Young women have been campaigning for the ERA for over 100 years. Alice Paul was just 21 years old in 1906 when she first conceptualized an equality amendment, which she later drafted as the ERA and presented it to women’s rights advocates in Seneca Falls in 1923.
In the 1970s, young women dropped out of college to campaign for state ratifications of the ERA and for congressional extension of the ratification timeline in 1979.
After Nevada’s Spearman revived the ERA fight in 2017, leading her state to finally ratify the ERA, young women have once again joined the ERA movement for the final push to ratify the ERA.
“This will be the last generation to fight for Constitutional equality, because you are making it happen,” said Bush to thundering applause.
The Final Push
- Rep. Ayanna Pressley (D-Mass.) and Sen. Ben Cardin (D-Md.) have introduced House Joint Resolution 25 and Senate Joint Resolution 4 to remove the timeline and recognize the ratification of the ERA. Constitutional law scholars carefully crafted this resolution’s language, modeled on the congressional resolution recognizing the 14th Amendment, in order to prevail in any future legal challenges to the ERA.
- The petition—Sign4ERA—will show the overwhelming support for the ERA. “Sign4ERA is a strategy for the end game… that we will be before the Supreme Court,” said Maloney. “The end game is how do we make it impossible for them to rule against us.”
Polls show that 85 percent of the population supports the ERA.
“We need to hit them from all directions. Be as big as we can be. Think big,” said Smeal, who emphasized that Article V of the Constitution does not give the executive or judicial branches of the government a role in amending the Constitution—only Congress and the states. “They don’t have the power—it doesn’t say the Supreme Court has the last word. The president is not in Article V.”

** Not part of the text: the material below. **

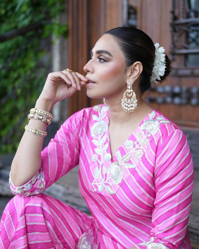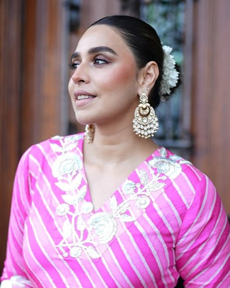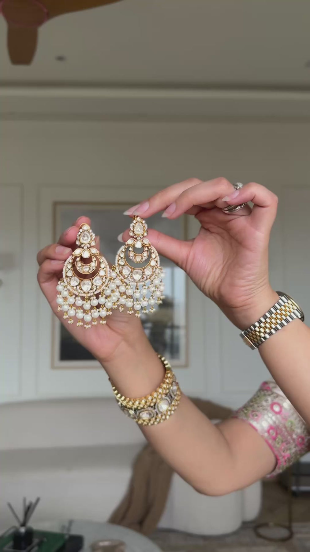 Svarna Bestseller Chandbaalis - Exquisite gold-plated earrings featuring moissanite polki stones. Adorned with dangling pearl clusters, these bestselling chandbalis blend timeless elegance with celestial charm.
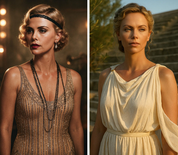 Думается нам, что утонченная красота Шарлиз Терон могла бы сделать ее музой как для творцов в Древней Греции, так и в ревущих Двадцатых

Pressley has filed a discharge petition to bring her resolution to the House floor over Republicans’ attempts to block a vote in committee on the bill. Smeal noted that advocates are “very close to the 218” needed to pass the resolution in the House.
In the Senate, advocates are urging Majority Leader Chuck Schumer (D-N.Y.) to use a privileged motion to get the ERA to the floor of the Senate for a vote, which would allow a simple majority to pass the resolution; currently 53 Senators support the resolution.
“We’ve had a lot of gains. We just need to finish the job,” said Smeal.
Bush and Sen. Kirsten Gillibrand (D-N.Y.) have also introduced HJ Res. 82 and SJ Res. 39 directing the archivist to publish the ERA. Both resolutions are supported across the movement.
“I’m feeling so energized and excited to be in community with ERA advocates, old and young, from across the country,” said Rosie Couture, executive director of Generation Ratify.
“The contemporary movement for the Equal Rights Amendment truly is inclusive, expansive and intersectional, and centers the people that stand to gain the most from the ERA.”